## TASK PROMPT
In the listing below, find the line containing "V yaka ve ince" and the line containing "-Az erkély az". Repeat exactly those two lines and every line between them.

## RECORDS PROVIDED
• • • • •

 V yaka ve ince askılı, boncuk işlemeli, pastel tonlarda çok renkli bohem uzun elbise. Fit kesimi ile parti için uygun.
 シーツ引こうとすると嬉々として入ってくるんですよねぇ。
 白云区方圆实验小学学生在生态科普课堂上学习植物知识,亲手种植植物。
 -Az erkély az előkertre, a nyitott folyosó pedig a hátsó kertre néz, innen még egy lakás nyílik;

• • • • •

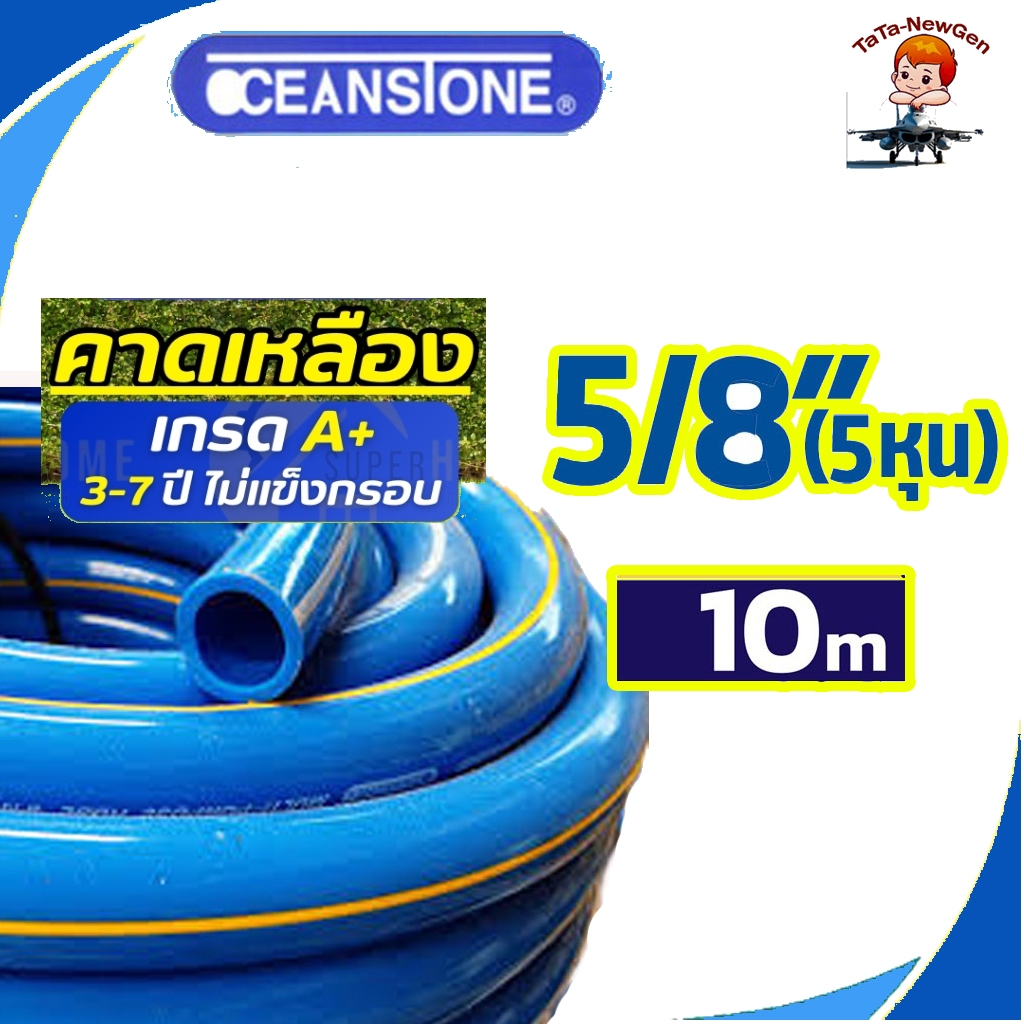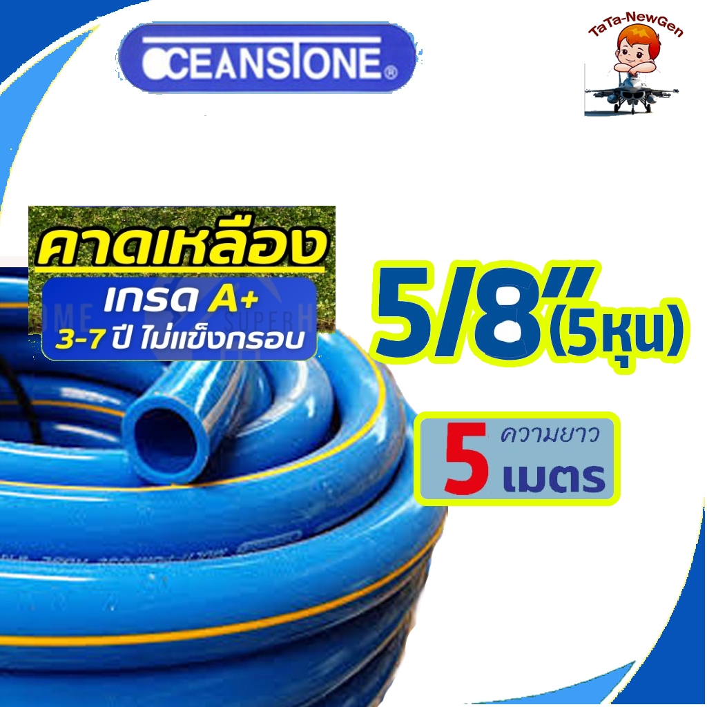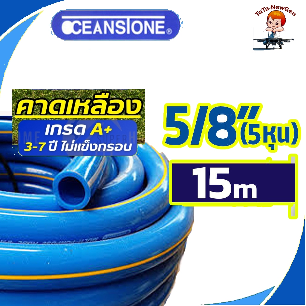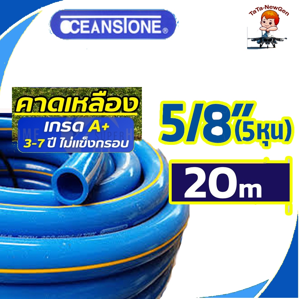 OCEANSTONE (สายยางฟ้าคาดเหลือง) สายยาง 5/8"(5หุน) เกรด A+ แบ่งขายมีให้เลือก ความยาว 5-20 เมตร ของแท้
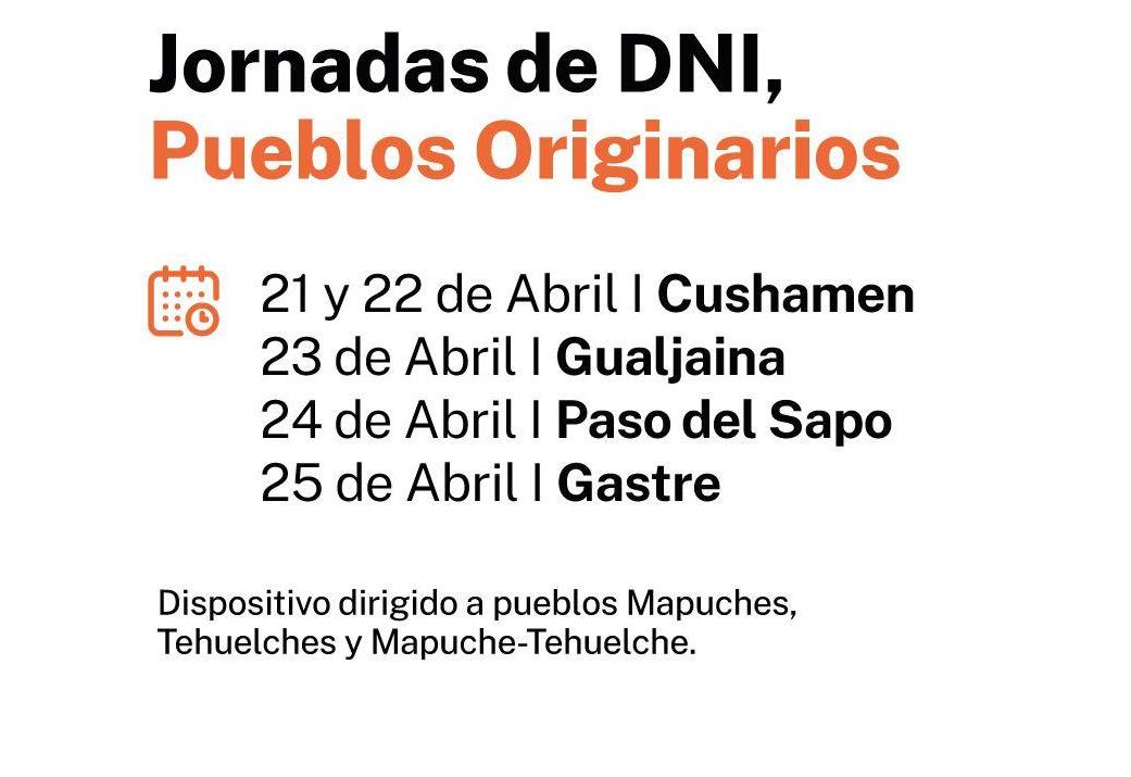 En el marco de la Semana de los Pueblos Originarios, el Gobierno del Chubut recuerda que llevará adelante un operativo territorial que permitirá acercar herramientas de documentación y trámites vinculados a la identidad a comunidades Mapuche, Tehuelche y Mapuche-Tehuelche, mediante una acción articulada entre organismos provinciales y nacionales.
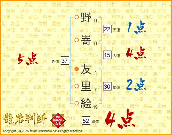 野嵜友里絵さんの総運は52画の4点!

• • • • •

## TASK RESULT
 V yaka ve ince askılı, boncuk işlemeli, pastel tonlarda çok renkli bohem uzun elbise. Fit kesimi ile parti için uygun.
 シーツ引こうとすると嬉々として入ってくるんですよねぇ。
 白云区方圆实验小学学生在生态科普课堂上学习植物知识,亲手种植植物。
 -Az erkély az előkertre, a nyitott folyosó pedig a hátsó kertre néz, innen még egy lakás nyílik;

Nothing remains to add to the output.